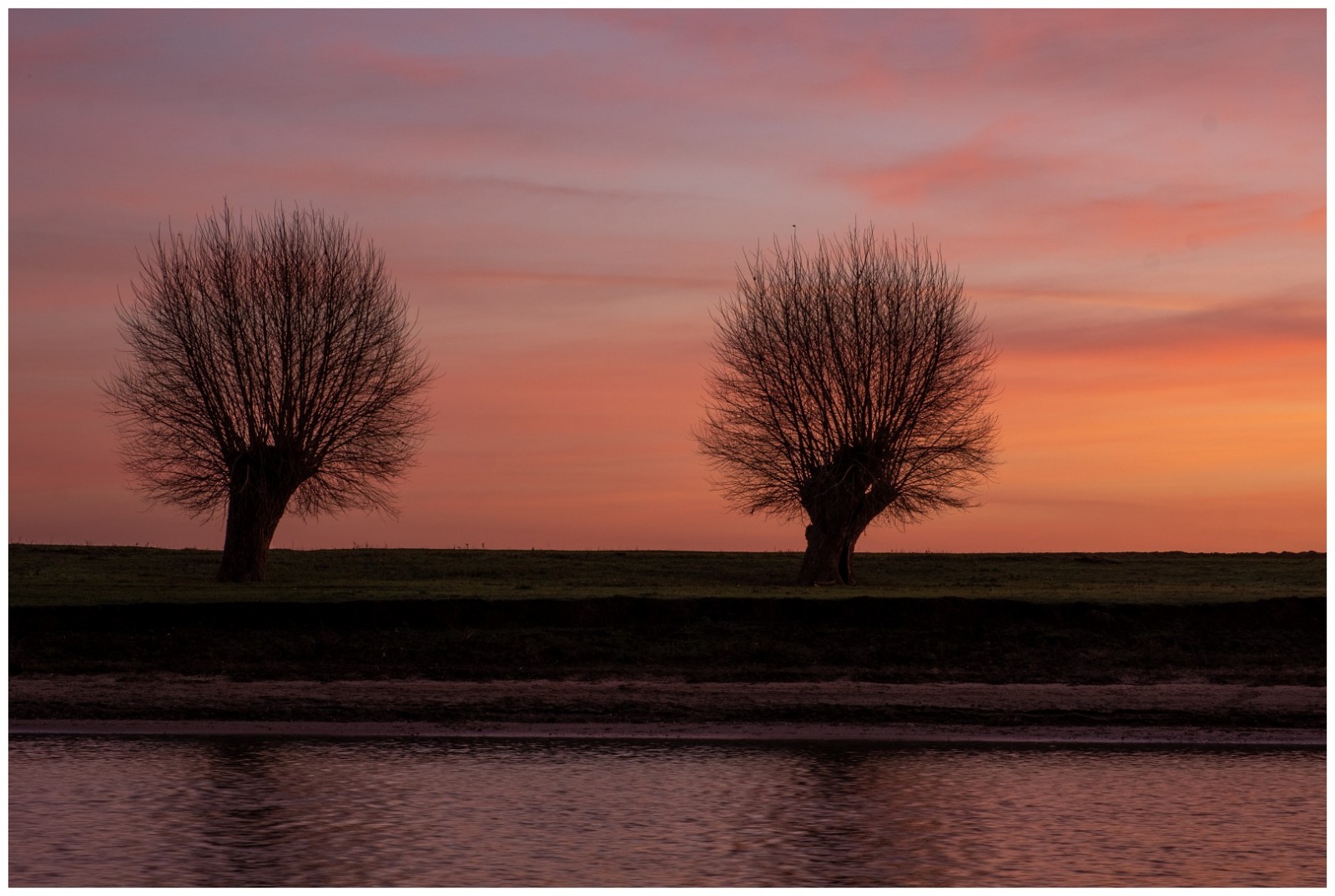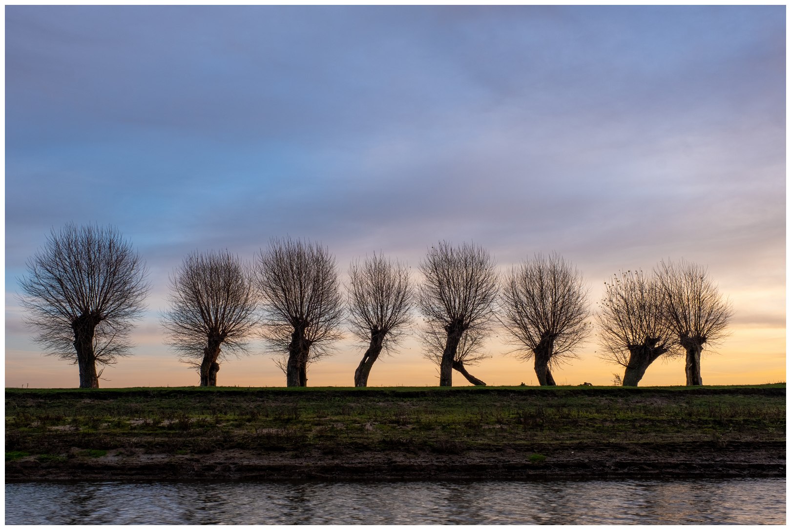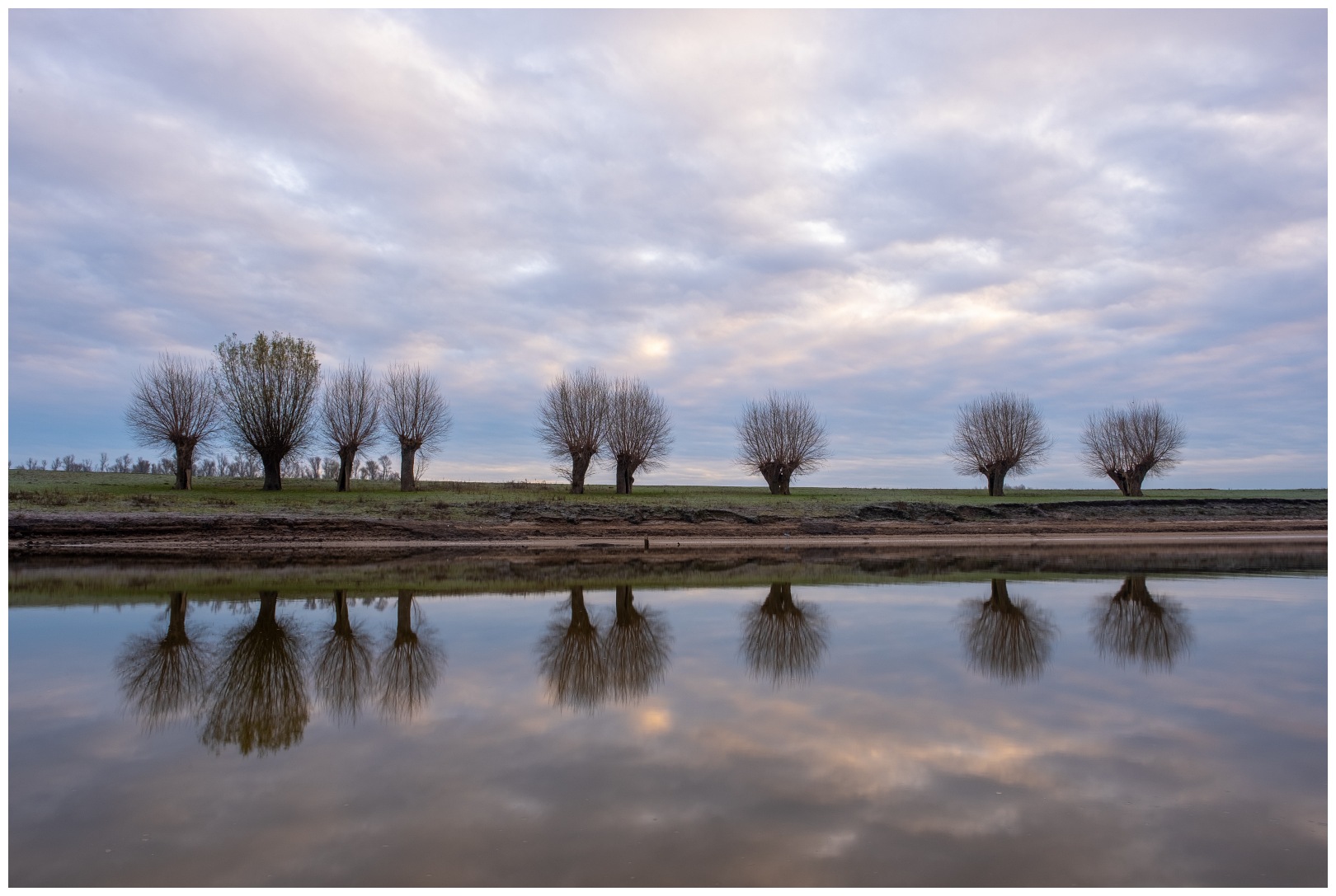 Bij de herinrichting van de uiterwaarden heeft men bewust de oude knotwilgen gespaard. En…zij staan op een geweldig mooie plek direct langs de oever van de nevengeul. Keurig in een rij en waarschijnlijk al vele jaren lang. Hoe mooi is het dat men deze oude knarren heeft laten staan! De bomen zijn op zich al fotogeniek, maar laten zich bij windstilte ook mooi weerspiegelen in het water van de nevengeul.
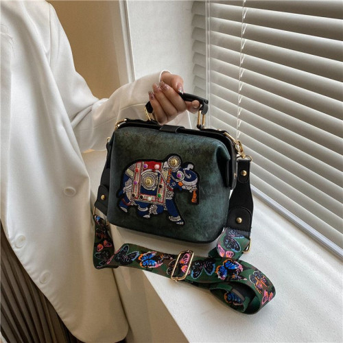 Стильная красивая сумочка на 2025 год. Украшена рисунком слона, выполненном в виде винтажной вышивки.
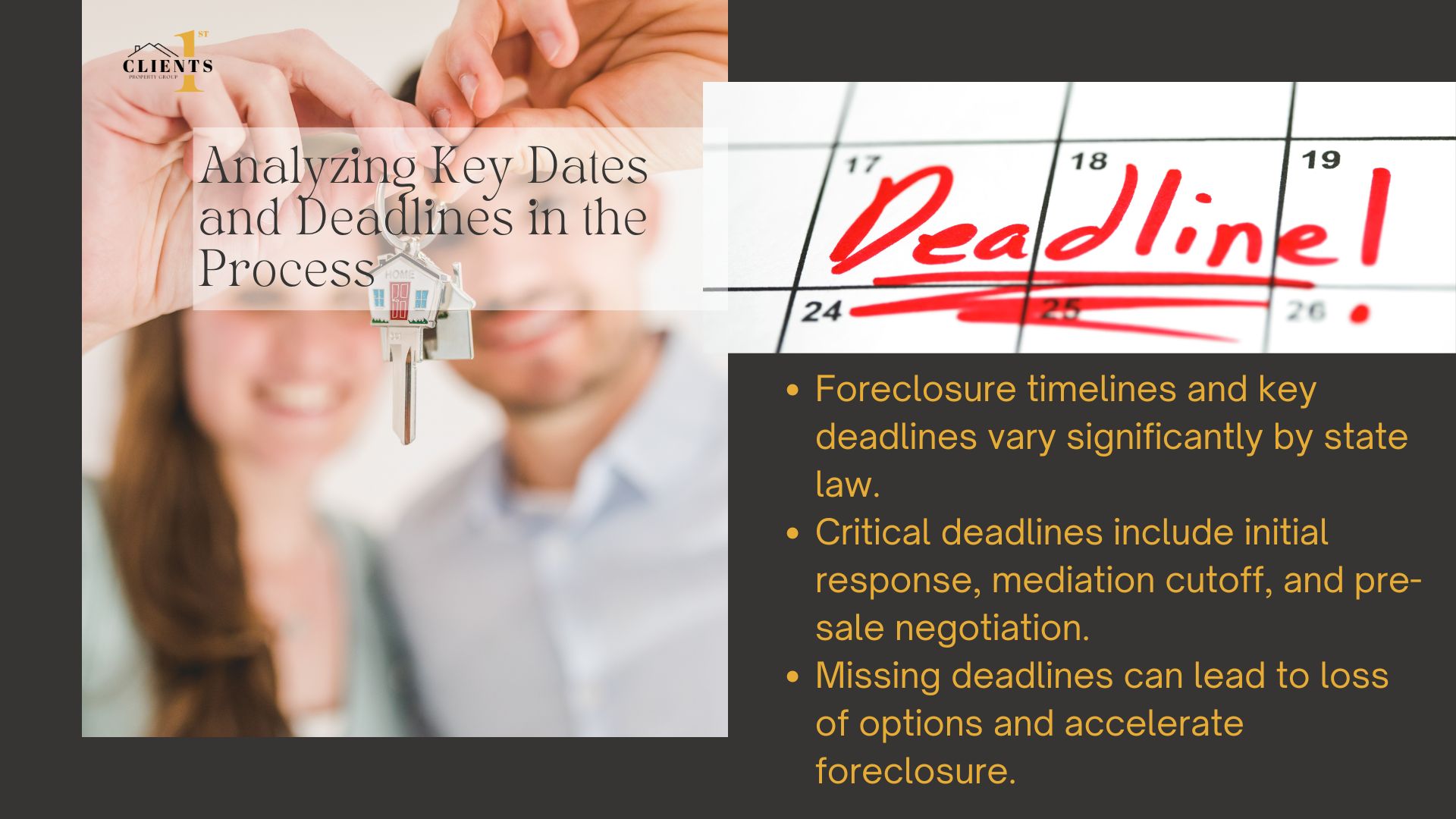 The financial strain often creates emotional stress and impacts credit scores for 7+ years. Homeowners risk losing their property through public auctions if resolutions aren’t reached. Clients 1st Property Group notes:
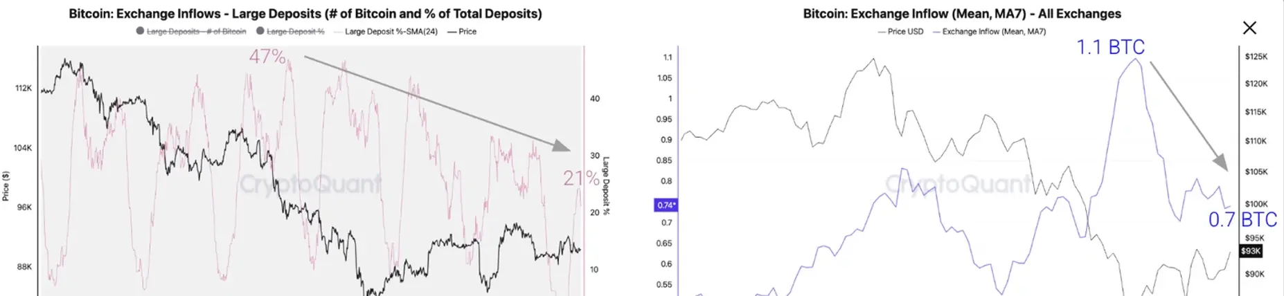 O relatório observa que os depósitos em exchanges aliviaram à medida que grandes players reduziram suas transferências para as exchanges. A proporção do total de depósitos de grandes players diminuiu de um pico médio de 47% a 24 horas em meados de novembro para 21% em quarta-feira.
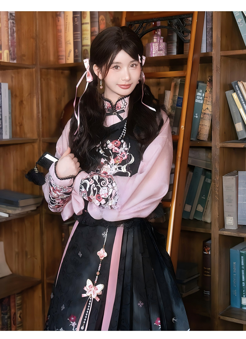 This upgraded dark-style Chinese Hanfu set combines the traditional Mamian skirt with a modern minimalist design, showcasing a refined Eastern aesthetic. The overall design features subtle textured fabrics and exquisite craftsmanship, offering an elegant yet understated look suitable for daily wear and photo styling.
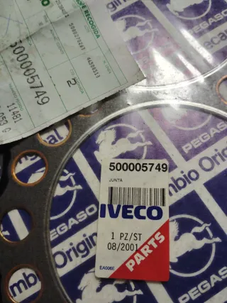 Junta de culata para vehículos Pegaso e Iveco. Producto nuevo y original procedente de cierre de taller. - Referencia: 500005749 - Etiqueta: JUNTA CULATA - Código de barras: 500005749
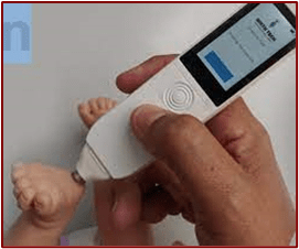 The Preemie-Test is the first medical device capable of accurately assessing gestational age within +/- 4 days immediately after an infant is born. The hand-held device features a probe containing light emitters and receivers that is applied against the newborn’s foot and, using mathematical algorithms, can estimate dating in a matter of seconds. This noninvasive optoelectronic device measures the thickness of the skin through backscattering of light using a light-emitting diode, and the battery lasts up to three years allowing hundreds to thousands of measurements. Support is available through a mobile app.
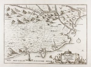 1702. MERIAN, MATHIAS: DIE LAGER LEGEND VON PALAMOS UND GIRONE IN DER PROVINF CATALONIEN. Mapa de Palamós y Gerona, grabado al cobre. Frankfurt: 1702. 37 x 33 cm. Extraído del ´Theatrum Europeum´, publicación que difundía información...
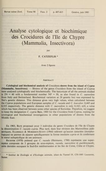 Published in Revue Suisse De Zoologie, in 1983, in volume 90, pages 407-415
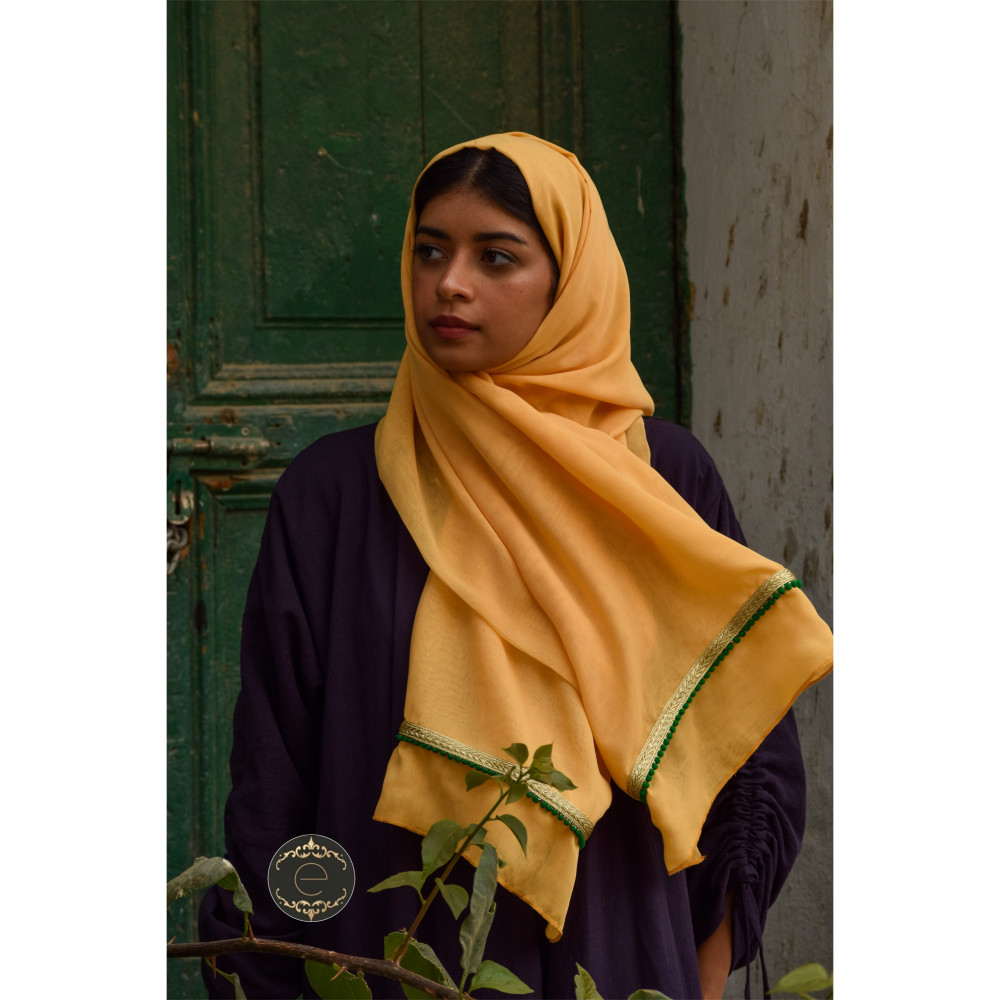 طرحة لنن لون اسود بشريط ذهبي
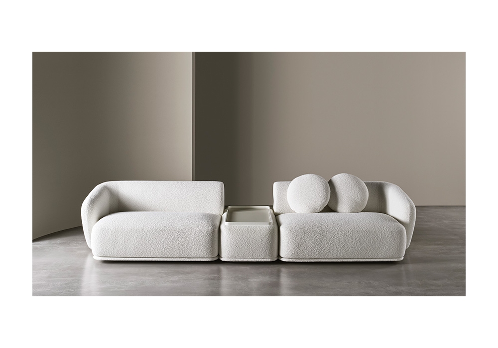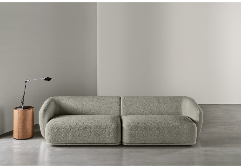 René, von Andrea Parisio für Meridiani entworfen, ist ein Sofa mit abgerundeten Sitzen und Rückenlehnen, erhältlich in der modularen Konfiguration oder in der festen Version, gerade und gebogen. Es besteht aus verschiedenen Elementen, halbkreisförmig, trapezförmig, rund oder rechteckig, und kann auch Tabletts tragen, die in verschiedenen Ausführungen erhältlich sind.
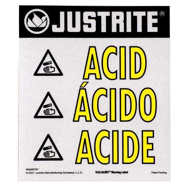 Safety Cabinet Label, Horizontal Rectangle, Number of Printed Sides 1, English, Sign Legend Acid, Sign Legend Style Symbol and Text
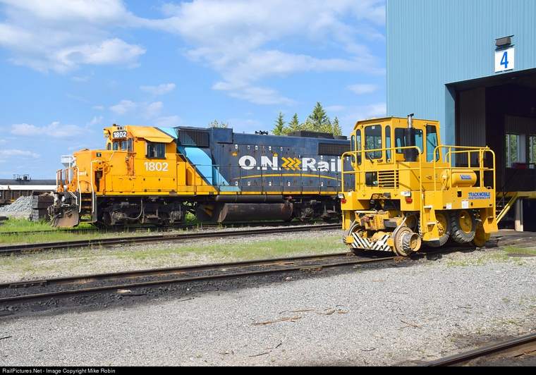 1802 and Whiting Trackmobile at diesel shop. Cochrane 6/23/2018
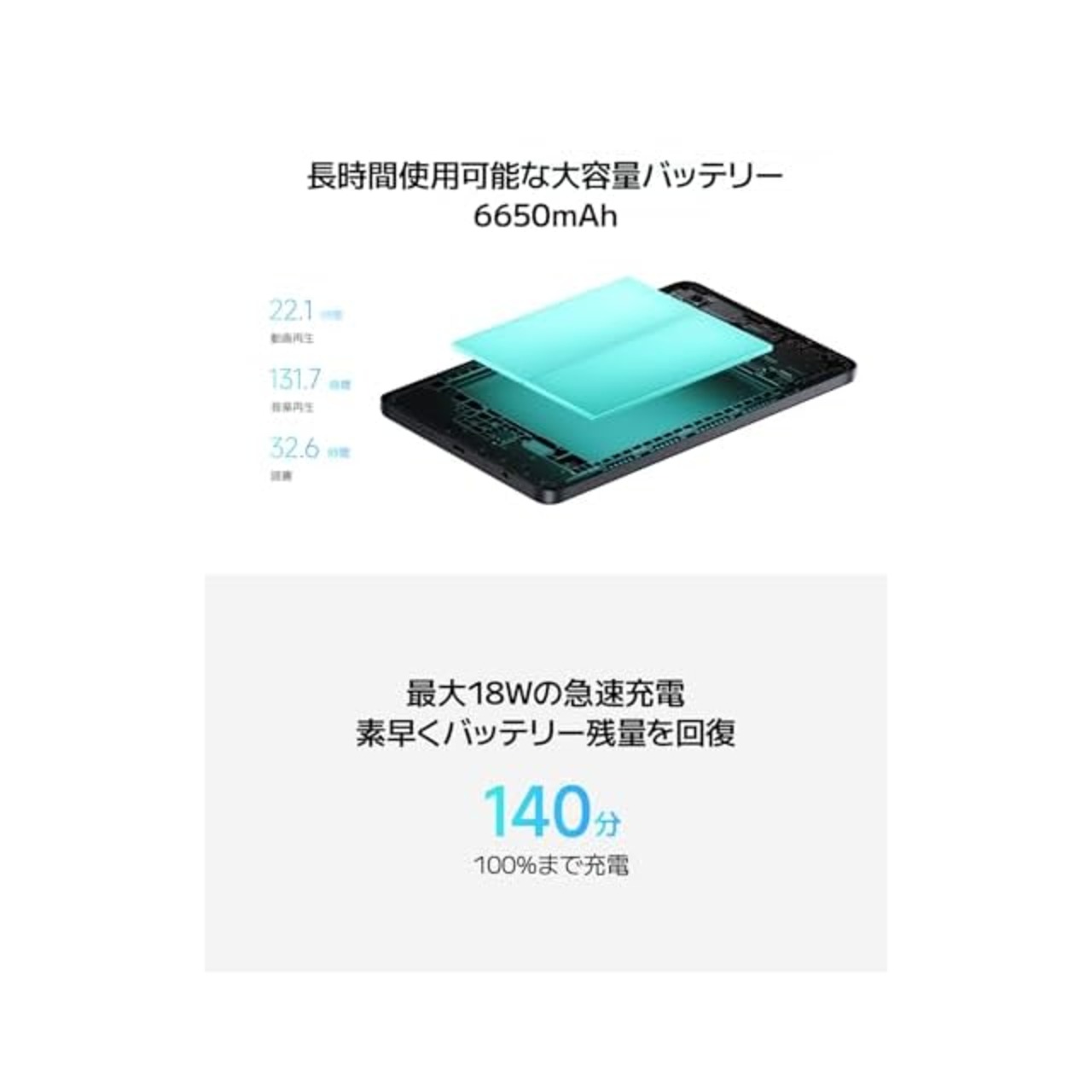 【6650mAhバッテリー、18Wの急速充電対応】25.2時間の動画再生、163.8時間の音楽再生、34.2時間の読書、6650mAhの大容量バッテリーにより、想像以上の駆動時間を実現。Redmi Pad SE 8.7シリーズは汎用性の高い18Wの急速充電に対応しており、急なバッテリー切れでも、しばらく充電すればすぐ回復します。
------------------------------------
• _What you need to do_: Transcribe only these lines, exactly: the first line of the listing, every line after it, and the line with "This upgraded dark-style", where the copy ends. Include no picture.

• _Solution_:
 Bij de herinrichting van de uiterwaarden heeft men bewust de oude knotwilgen gespaard. En…zij staan op een geweldig mooie plek direct langs de oever van de nevengeul. Keurig in een rij en waarschijnlijk al vele jaren lang. Hoe mooi is het dat men deze oude knarren heeft laten staan! De bomen zijn op zich al fotogeniek, maar laten zich bij windstilte ook mooi weerspiegelen in het water van de nevengeul.
 Стильная красивая сумочка на 2025 год. Украшена рисунком слона, выполненном в виде винтажной вышивки.
 The financial strain often creates emotional stress and impacts credit scores for 7+ years. Homeowners risk losing their property through public auctions if resolutions aren’t reached. Clients 1st Property Group notes:
 O relatório observa que os depósitos em exchanges aliviaram à medida que grandes players reduziram suas transferências para as exchanges. A proporção do total de depósitos de grandes players diminuiu de um pico médio de 47% a 24 horas em meados de novembro para 21% em quarta-feira.
 This upgraded dark-style Chinese Hanfu set combines the traditional Mamian skirt with a modern minimalist design, showcasing a refined Eastern aesthetic. The overall design features subtle textured fabrics and exquisite craftsmanship, offering an elegant yet understated look suitable for daily wear and photo styling.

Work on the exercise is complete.